Senin, 16 Januari 2012

SUFISME CALEG GAGAL

Oleh Imron Supriyadi

Hasil pemilu 9 April 2009, telah membuat sebagian calon legislatif (Caleg) yang gagal, menjadi tidak rasional. Sebagian dari mereka kemudian membuang akal sehat, dengan melakukan hal-hal diluar logika normal manusia pada umumnya. Penutupan Sekolah Dasar karena merasa berjasa atas pembangunannya, pembongkaran saluran air rakyat, karena atas bantuannya, pengambilan kembali ambal masjid yang diberikan pada masa kampaye, melarikan diri dari tanggungjawab utang piutang, sampai mengakhiri hidup dengan gantung diri. Tragis. Tetapi inilah realitas yang tengah kita hadapi saat ini.

Kesal, kecewa akibat gagal dalam pen-calegan adalah manusiawi! Tetapi jika dirunut, semua ini akibat dari kecenderungan manusia yang selalu mengukur urusan gagal dan berhasil, dengan “logika sebab dan akibat” (kausalitas). Sehingga dalam memahami kalah-menang pemilu menjadi kalkulasi untung-rugi; berapa yang diberikan, dan berapa yang diperoleh. Ketika tidak ada kesesuaian antara pengeluaran dan pendapatan, yang timbul kemudian stress dan depresi. Atau sebagian mencurigai pihak lain; mengapa ini bisa terjadi? Ada apa dibalik kekalahan? Apakah ini rekayasa? Ada manipulasi suara? KPU yang tidak profesional? Semua cenderung menyalahkan pihak lain.
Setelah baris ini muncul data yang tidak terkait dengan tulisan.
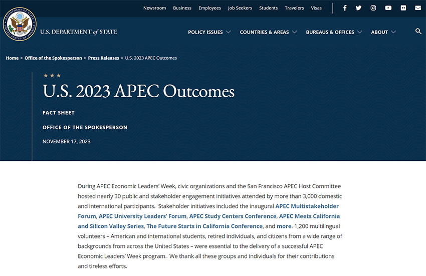美國國務院發(fā)布2023 APEC成果報告,灣區(qū)委員會相關(guān)活動列為重要成果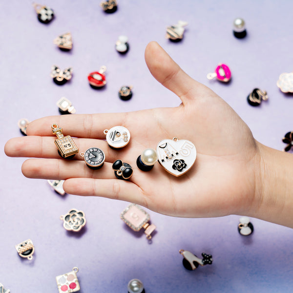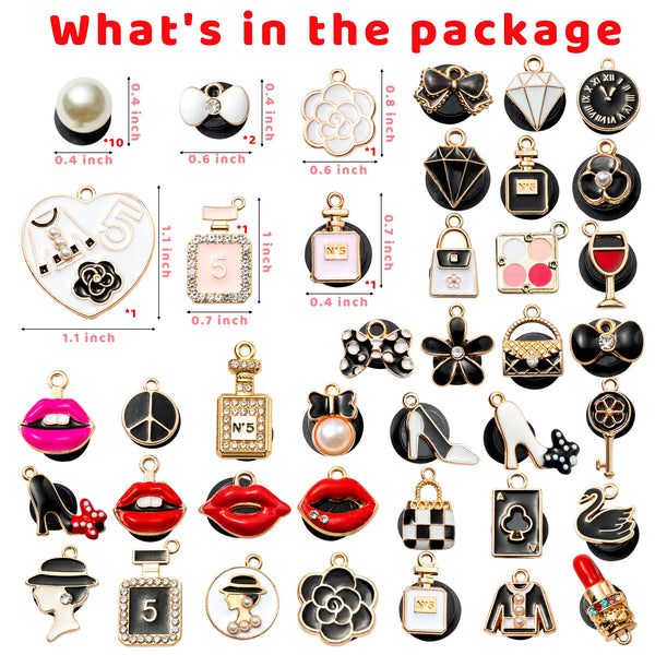- What’s in the package - Package comes with 40pcs cartoon style make up enamel pattern shoe charms and 10 beautiful pearls, all packaged in a white box. The product is made of metal, colorful and stylish as shown, fitting your shoes easily.

Ini semua terjadi, karena sebagian caleg dan tim-suksesnya memahami realitas politik dalam perspektif kausalitas tadi.

Secara sadar atau tidak, asumsi negatif terhadap hasil pemilu, sebenarnya sudah keluar dari term politik itu sendiri, yang mengatakan; politik tidak bisa dihitung seperti matematika (bukan kausalitas). Pengamat politik selalu mengatakan; konstelasi politik tidak bisa dihitung dengan logika; satu ditambah satu sama dengan dua. Bukankah kalimat ini sudah sedemikian mengkristal bagi sekian banyak politisi kita? Lantas mengapa harus menuduh salah terhadap institusi KPU? Atau mengapa harus mengkambinghitamkan pihak lain, bila politik memang bukan rumus matematika yang menerapkan hukum kausalitas?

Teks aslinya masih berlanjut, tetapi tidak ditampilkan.